その日の4限目の授業は、国語の現代文だった。
「ここ、テストで出すから覚えておけよ」
スーツの上から白衣を羽織った女教師――平塚静が、黒板をチョークでつつきながらそう言った。
ほぼ同時に、4限目終了のチャイムが軽やかに鳴る。
「ん、今日はここまでだな」
「きり~つ、れ~い」
日直の声と共に、教室は昼休みのざわめきに包まれる。
その中で結衣はまだ、ノートに板書の書き写しをしていた。
授業中まで昨夜の『あのこと』が気になってしまい、まったく授業に集中できなかったのだ。

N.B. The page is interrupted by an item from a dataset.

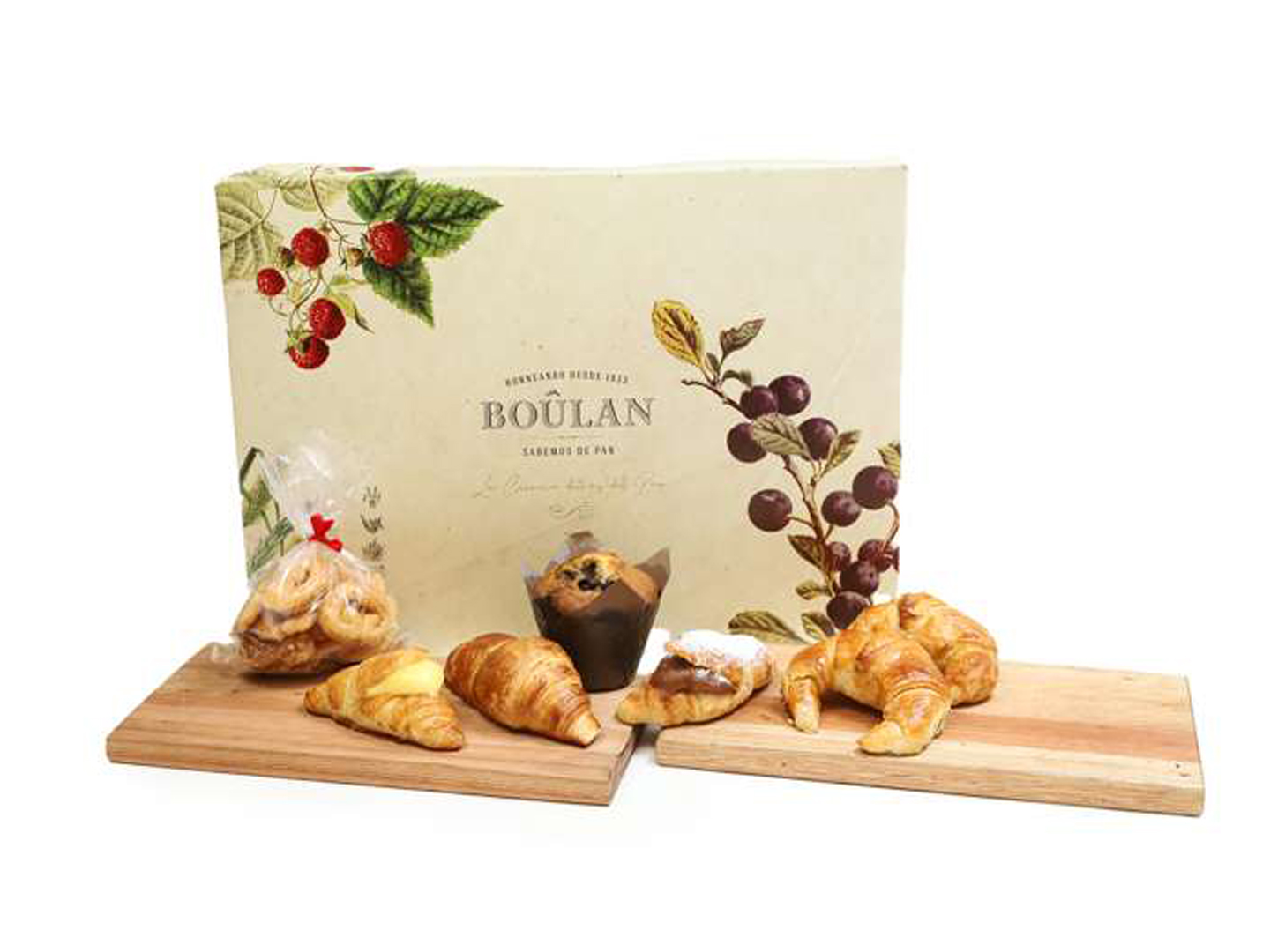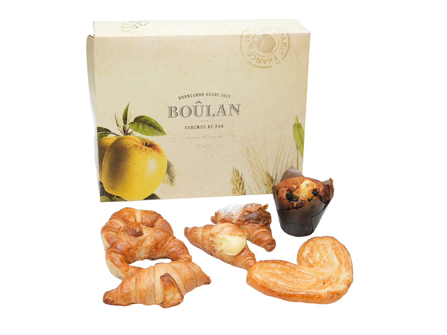 2 Medialunas, 1 Sacramento con DDL, 1 Sacramento con Pastelera, 1 Croissant, 1 Muffin de Arándanos y 1 palmerita XL

(やっぱりこういうの、よくないよね――よし! ちゃんとヒッキーと昨日のこと話そう!)
そう思い定めた結衣は、教室の中をぐるりと見回す。
「て、ヒッキーもういないし?」
当の八幡は、いつの間にか教室から姿を消していた。
結衣は慌てて立ち上がる。
「ユイー、今日の昼だけど――」
「ごめん優美子、ちょっと今日は用事があるの」
三浦の誘いを愛想笑いで断りつつ、結衣は教室から飛び出した。
廊下の左右を見回す。
「いた」
ちょうど階段の方へと向かう、八幡の後ろ姿を見つけた。
結衣は慌ててその後を追う。
「……やはり、そういうことか」
「隼人、どうかした?」
「いや、なんでもないさ」
そんな自分を、葉山がさりげなく見ていたことに、結衣は気づいていなかった。
○ ● ○ ● ○
その時の結衣は、八幡に声をかけるタイミングを計りかねていた。
(……やっぱり、人前でできる話じゃないよねえ)
昨夜、人気のない公園で悪魔じみた黒い影の化物に襲われたところを、魔法のような不思議な力を使う八幡に助けられた。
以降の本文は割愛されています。